This piece follows on from our previous blog in which we gave you a top-level view of Conversion Rate Optimisation (CRO) and explained the benefits of applying A/B testing.
Now, we want to illustrate why it’s important when conducting a CRO test that there’s a purpose to the experiment - and the results will help support your hypothesis.
A CRO test needs to be constructed from a series of validated research methods and data to help emphasise and back the theory.
Using data gathered from web analysis, we can decide the experiment changes and what the objectives and goals will be based on to determine success.
Google Analytics (GA)
Behaviour analytics recording
UX and Design input
How does it work?
Depending on our hypothesis, and the possible changes listed in the experiment, we would then propose a certain style of test.
If an experiment has more than one variant, then the traffic would be split in accordance with the number of different variations (including the control).
A/B split testing
This involves testing a different version of a website to the original by making changes to either the content, website layout, or perhaps adding a button to help drive the audience further into the journey.
The test could be scaled up to a complete page redesign, if the data proves that a revamp of the site will increase conversion rates.
Having something as simple as a sticky mobile search bar on the landing page could help users navigate and create a quicker journey to making a purchase.
Multivariate testing is when more than one change is tested at the same time, creating several versions to find the best combination.
This is ideal for pages with very high activity (over 50k pageviews).
Multivariate testing can eliminate the need to run several sequential A/B tests by running them at the same time.
As more changes are applied, more combinations are created to scale smaller segments (quarters, sixths eighths etc).
Changing the scale of the combination will impact the duration of the test to ensure a fair amount of traffic is being sent before a combination can be validated.

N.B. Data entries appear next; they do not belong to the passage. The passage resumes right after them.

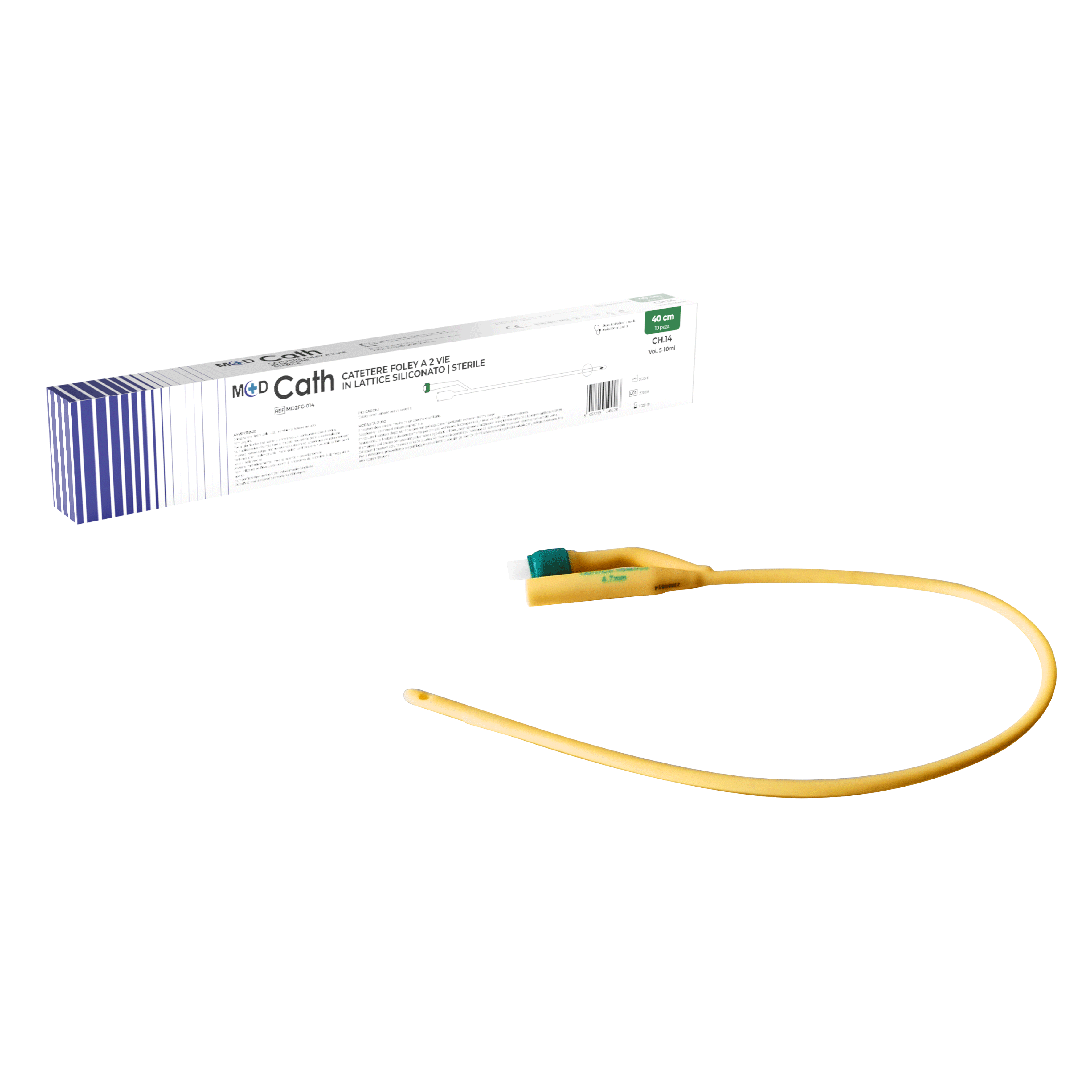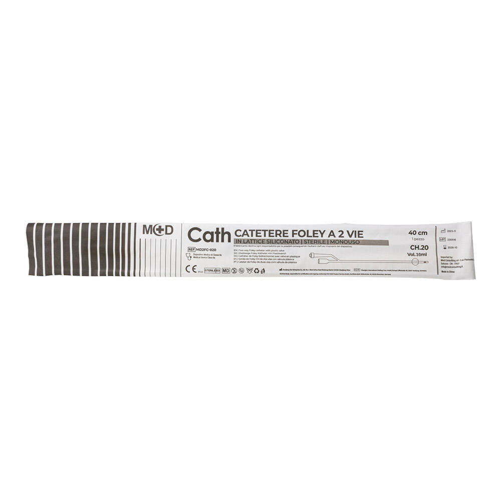 Catetere di Foley a 2 vie in lattice siliconato, sterile, monouso e apirogeno. Progettato con una lunghezza standard di 40cm, garantisce una buona flessibilità e un inserimento agevole. Il rivestimento siliconato favorisce una migliore biocompatibilità e tollerabilità durante la procedura, riducendo il rischio di irritazioni. Dotato di valvola rigida per un controllo ottimale durante l'inserimento e la gestione. Grazie alla struttura a 2 vie, consente sia il drenaggio che il gonfiaggio del palloncino di fissaggio, garantendo stabilità del dispositivo e comfort per il paziente. Dispositivo Medico di Classe IIa.
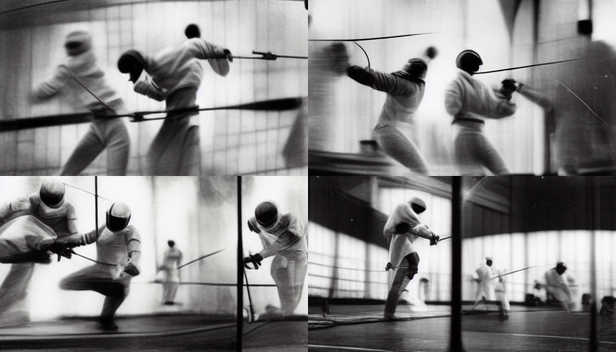 prompt: DALL·E 2022-09-30 10.25.11 - Stroboscopic, Chronophotograph, fencing, white suits, illford, side-view, series, long, many
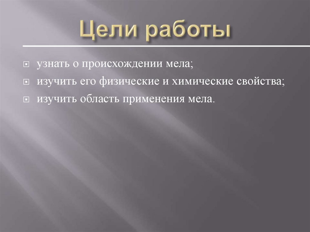 узнать о происхождении мела;изучить его физические и химические свойства;
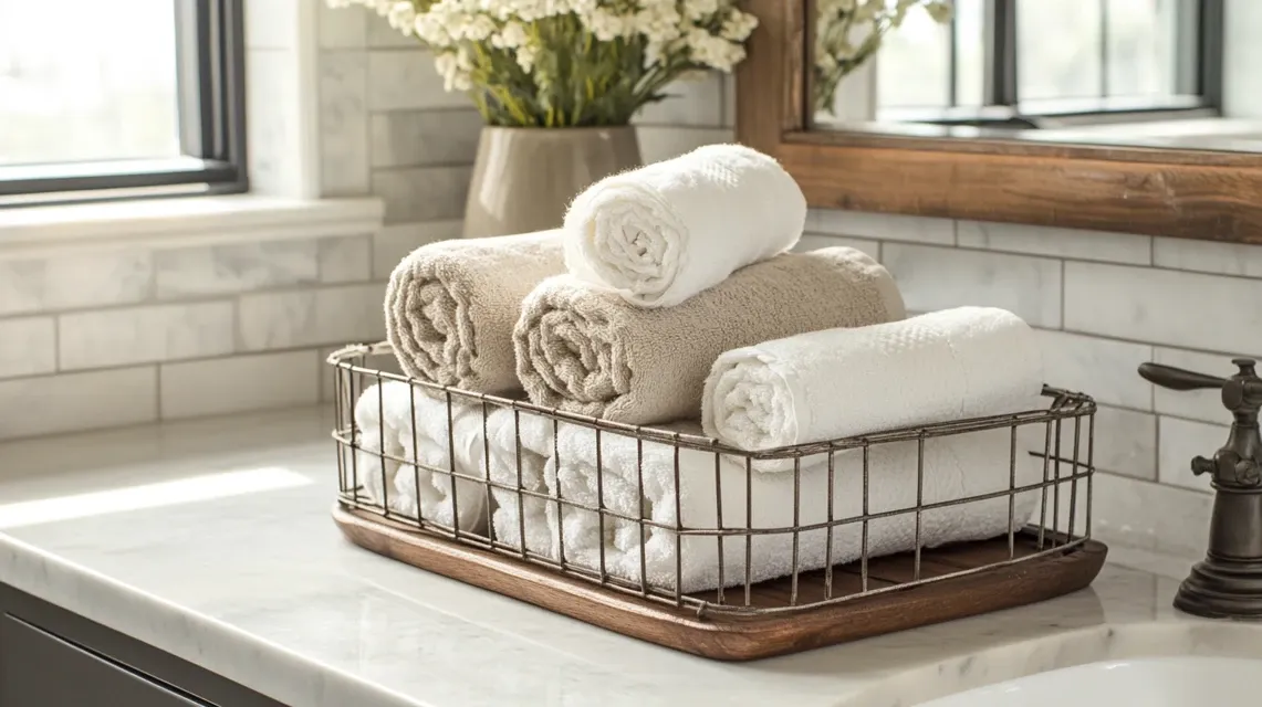 Roll your hand towels instead of folding them. Stack them in a small pile. You can place them in a wire basket or on a wooden board.
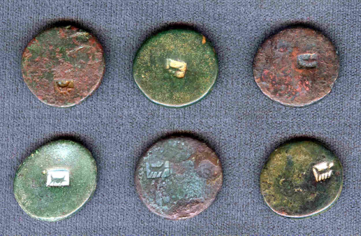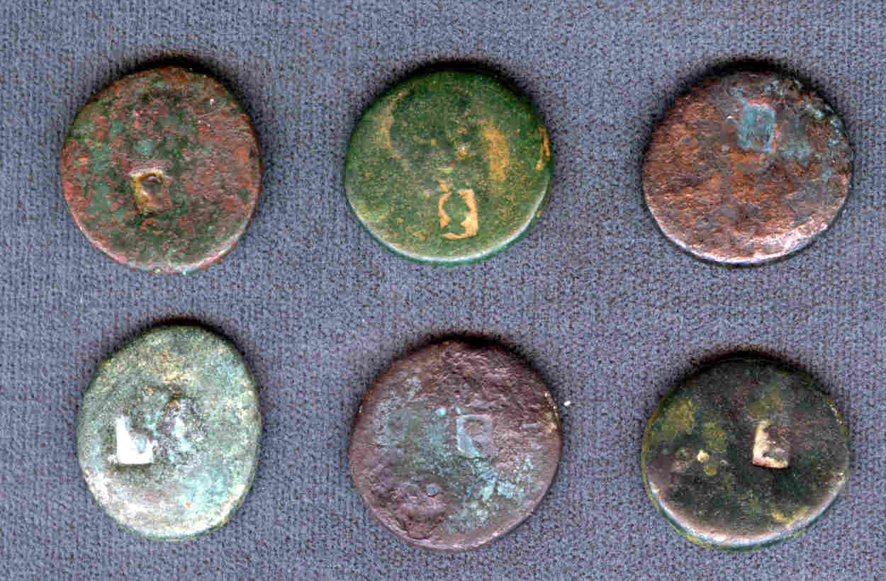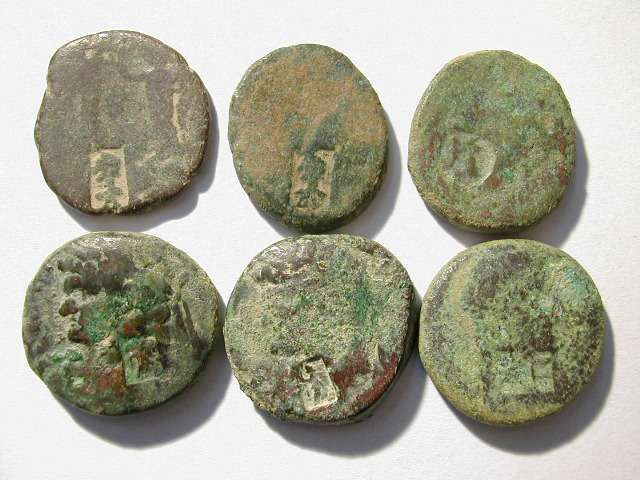 Here are 6 examples of the "Galley'' countermark. From left to right,
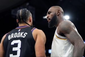 考慮到布魯克斯上次交手后針對(duì)勒布朗和湖人發(fā)表的言論,你本該預(yù)料到?jīng)_突會(huì)很早發(fā)生。通常情況下勒布朗會(huì)無(wú)視布魯克斯,但這個(gè)周日非比尋常,沖突在上半場(chǎng)升級(jí),導(dǎo)致勒布朗在對(duì)位布魯克斯時(shí)領(lǐng)到了一次進(jìn)攻犯規(guī)。
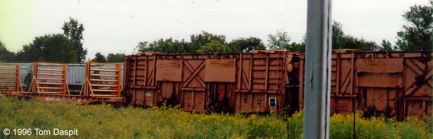 This photo of Continuous Welded rail and track panel cars was taken by me at Spencer, NC during September 1996. This picture was take from the back platform of a caboose, during Rail Days in 1996.
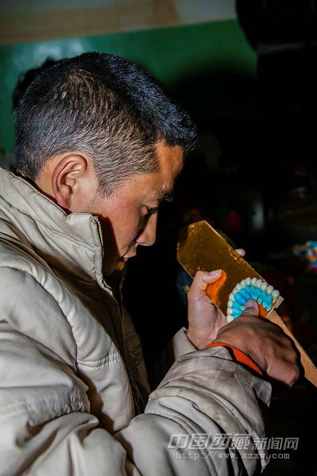 过完后藏新年之后,来自日喀则仁布县普松乡的的阿旺桑布和几位同乡,就带着铺盖卷和糌粑来到拉萨制作“仔卓”销售。仔卓,就是酥油雕花,其制作过程非常讲究。它是将酥油染色之后,再制作成各种吉祥图案。 他们面前的一个水盆和一块木板就是他们的工作台,水盆里是冰冷的水,而木板上则是一坨坨彩色酥油,10多种颜色。他们每次揪酥油坯料前都要先在冷水中浸一下——因为如果手温高了,就会影响酥油的硬度,甚至使酥油融化。唯有如此,他们的双手才能与酥油亲密接触,以赤诚之心和灵巧的手指与酥油对话,才能将极易融化的酥油塑成一个个惟妙惟肖的花朵、草地、动物等等。 当阿旺桑布用竹签将酥油花板上的“猴子”、“兔子”、“鸟儿”的毛羽勾勒点画出来后,一个名叫“吞巴卑希”(“四和合图”,中心图案为:大象、猴子、兔子、鸟)的酥油花板就展现出来,其工巧,其滋润,其艳丽,其质感,让人赞叹。 阿旺桑布他们的后藏新年已经提前过完了,在拉萨热闹的新年气氛中,他们将安静地离开,回家。图/文:卢明文
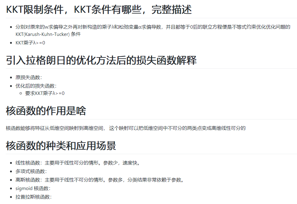 关于KKT限制条件,KKT条件有哪些、引入拉格朗日的优化方法后的损失函数解释、核函数的作用是啥、核函数的种类和应用场景作者都有详细解释。
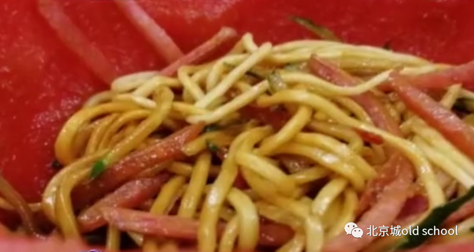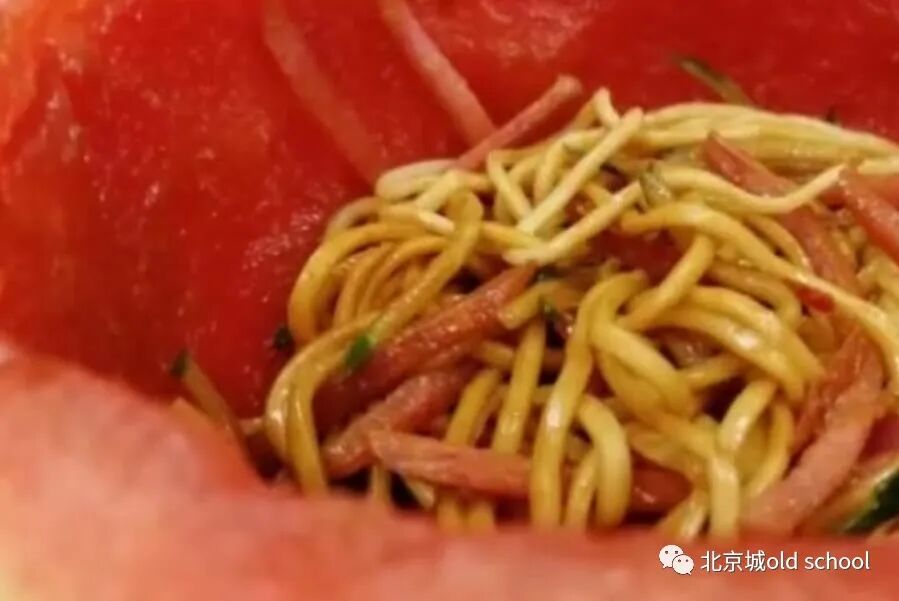 浑身上下,由内而外都透着一股子凉快,透着舒坦,这才是真正的老北京生活,所以吃没吃过一种西瓜皮盛的芝麻酱凉面,是检验一个人是不是地道老北京的秘方儿,之所以这样吃,是因为芝麻酱吃起来糊嘴,但要把芝麻酱凉面搁进西瓜皮儿里就不一样了,西瓜汁儿跟芝麻酱可以起到中和的作用,您吃起来一不糊嘴,二还有点儿甜头,嘿!咂摸起来特别有味儿
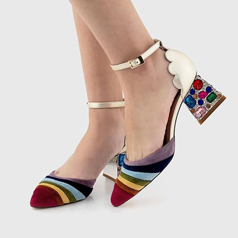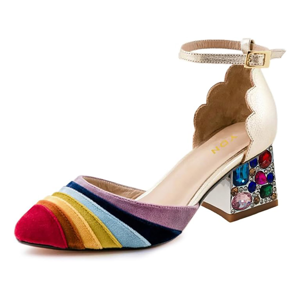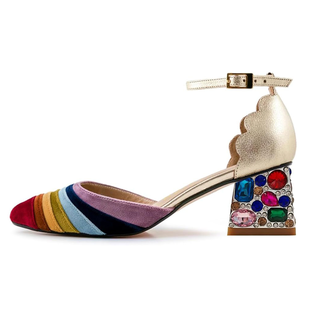 Multicolor Patchwork Ankle Strap Rhinestone Block Heel Pumps Shoes
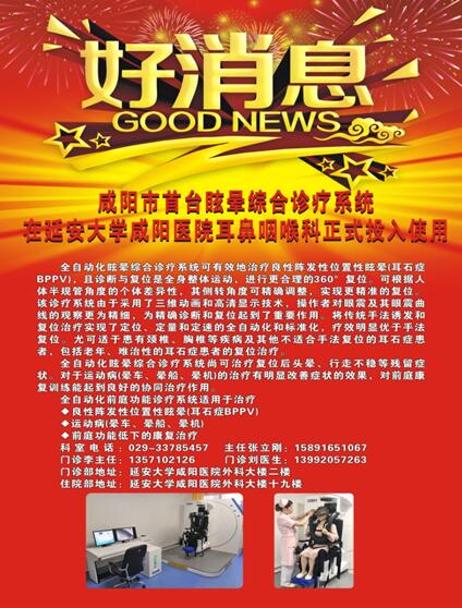 近日,耳鼻咽喉科护士长王小侠接到了昔日同事的电话,寒暄一阵后,同事说到自己妻子近期频繁眩晕,已经确诊为“耳石症”。但因妻子已怀孕八个月,到咸阳好几家医院去看,医生均表示手法复位风险太大,拒绝给予治疗,建议到西安大医院治疗。他无意间看到护士长的朋友圈,得知我院购置了咸阳市首台全自动化眩晕综合诊疗系统,立即打电话咨询预约。护士长打趣地说道“原来,醉翁之意不在酒啊”。
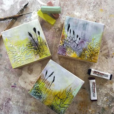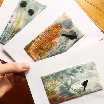 Little original encaustic paintings mounted on 5x7 backing made from 100% recycled fibre.
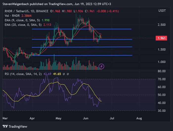 Текущая цена RNDR находится на уровне поддержки $ 1,906, пробившись выше 9-дневной линии EMA за последние 48 часов, что привело к тому, что цена альткоина упала до недельного минимума в $ 1,722. Вчера давление медведей на продажу было слишком сильным для быков, в результате чего цена RNDR закрылась ниже линии EMA.
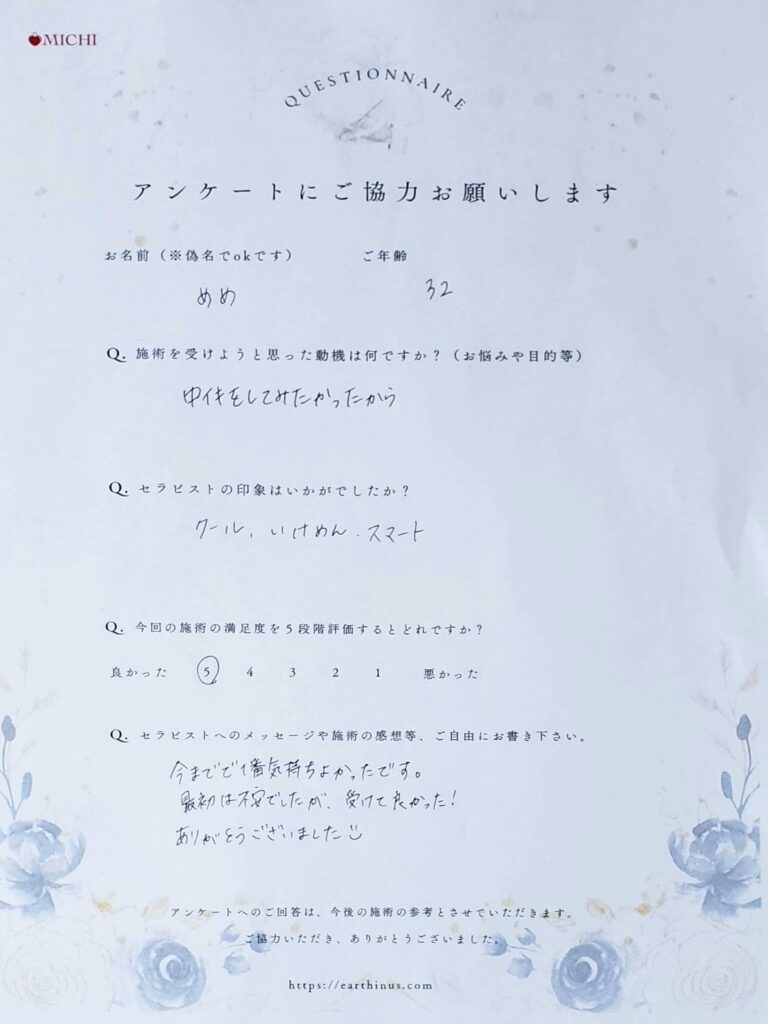 今までで一番気持ちよかったという言葉も聞けて、満足していただけたようで良かったです。
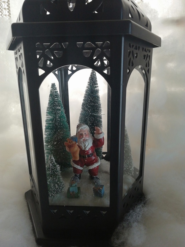 ランタン型LEDライトサンタ置物 (ミラーボール/カラー付)
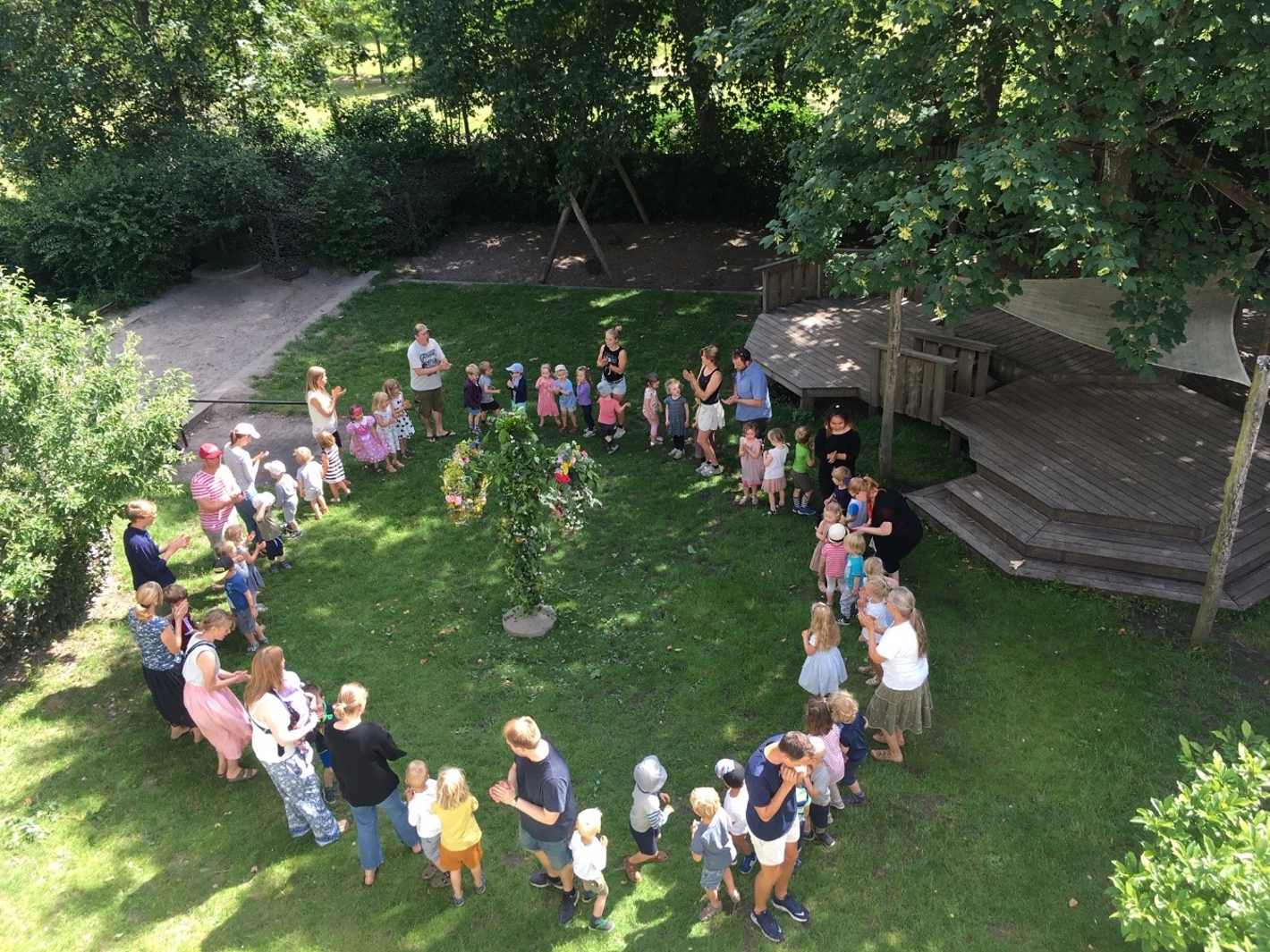 Kl. 9.00 samles alle børn, personale og de forældre, der har tid, i en rundkreds på Legestuen.
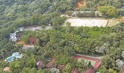 李华得名下的“华得山装”空照图,有露天泳池、别墅木屋群、网球场、马场。图片来源:台湾《苹果日报》
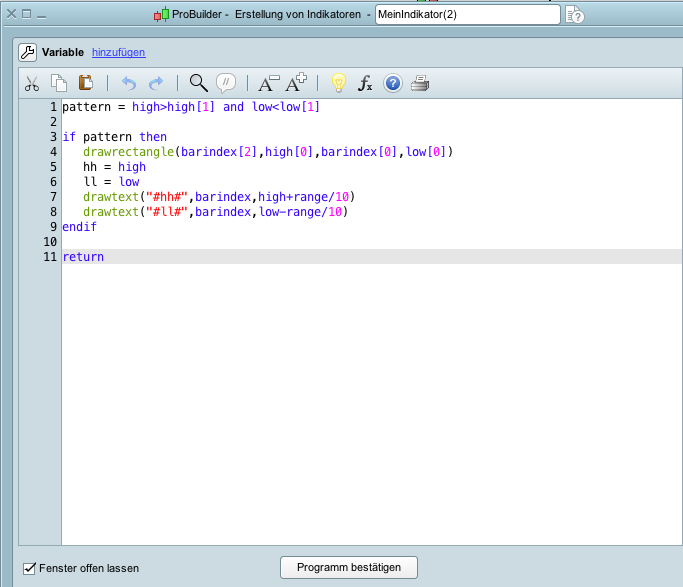 drawtext("#hh#",barindex,high+range/10)
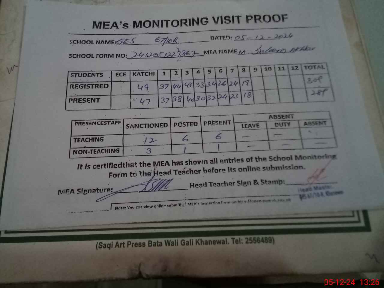 | Attendance Register | Head Teacher | MEA with School | Visit Proof |
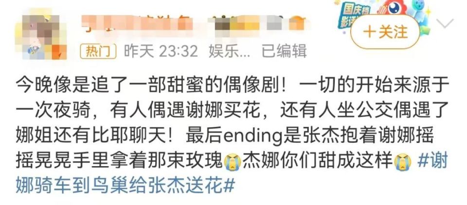 今天(4月18日)上午,“谢娜夜骑到鸟巢给张杰送玫瑰花”的词条,冲上文娱榜热搜。

Examples of this could be testing text and visual elements on a webpage together, combining new functionality with a re-arranged page layout.
Some changes cannot be made by simply modifying an existing page. Updating a form field so that it’s no longer mandatory could have consequences if the website cannot process the update.
An operative test allows a brand-new page to mirror the current page and correctly process the next action of the site. Users are redirected to the new version of the page, and some development time would be needed to ensure the changes do not impact the site’s content management system.
As more traffic is being sent to the live CRO experiment, the test will determine which version of the webpage is the most efficient in terms of goals and conversion rates and give an overall probability of which is the best.
By comparing data, we can make informed decisions on whether the ‘change’ fairs better and if it provides a positive effect on the user journey.
A negative impact is just as important to help us understand why the hypothesis was incorrect, and how the website performed overall.
Key learning can help later on by reminding us of the impact of tests and how we could make improvements.